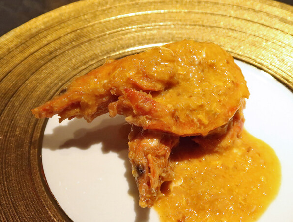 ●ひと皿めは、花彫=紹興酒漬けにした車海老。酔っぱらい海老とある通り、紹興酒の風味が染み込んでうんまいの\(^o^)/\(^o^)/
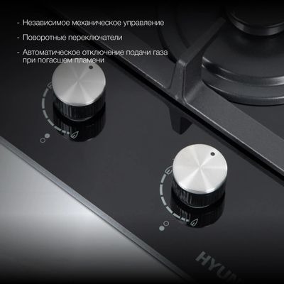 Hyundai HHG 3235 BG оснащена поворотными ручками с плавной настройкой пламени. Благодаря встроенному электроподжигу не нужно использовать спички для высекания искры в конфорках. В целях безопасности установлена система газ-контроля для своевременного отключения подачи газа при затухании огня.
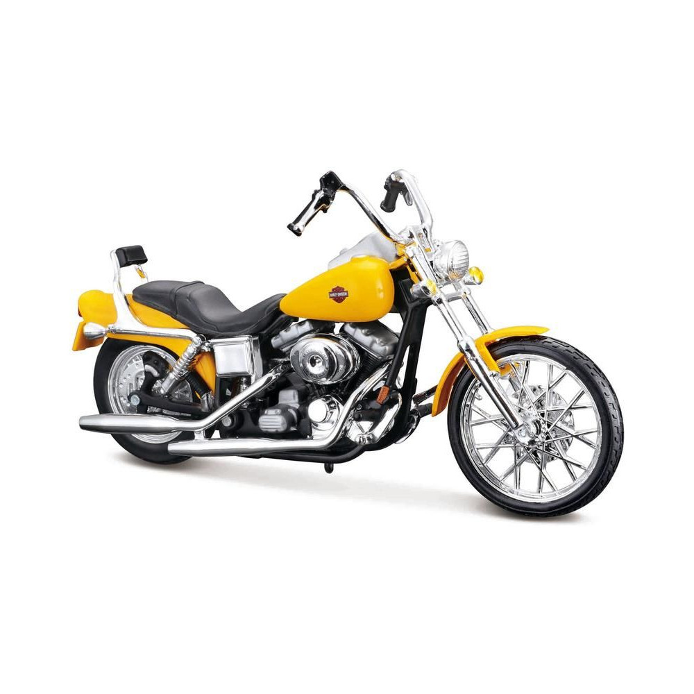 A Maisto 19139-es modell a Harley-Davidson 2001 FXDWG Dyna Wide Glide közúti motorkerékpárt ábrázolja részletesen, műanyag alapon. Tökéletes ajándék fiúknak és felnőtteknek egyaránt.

§ **WHAT TO PRODUCE**:
The data above must be given again in full and unaltered, minus its images.

§ **SOLUTION TO THE EXERCISE**:
 ●ひと皿めは、花彫=紹興酒漬けにした車海老。酔っぱらい海老とある通り、紹興酒の風味が染み込んでうんまいの\(^o^)/\(^o^)/
 Hyundai HHG 3235 BG оснащена поворотными ручками с плавной настройкой пламени. Благодаря встроенному электроподжигу не нужно использовать спички для высекания искры в конфорках. В целях безопасности установлена система газ-контроля для своевременного отключения подачи газа при затухании огня.
 A Maisto 19139-es modell a Harley-Davidson 2001 FXDWG Dyna Wide Glide közúti motorkerékpárt ábrázolja részletesen, műanyag alapon. Tökéletes ajándék fiúknak és felnőtteknek egyaránt.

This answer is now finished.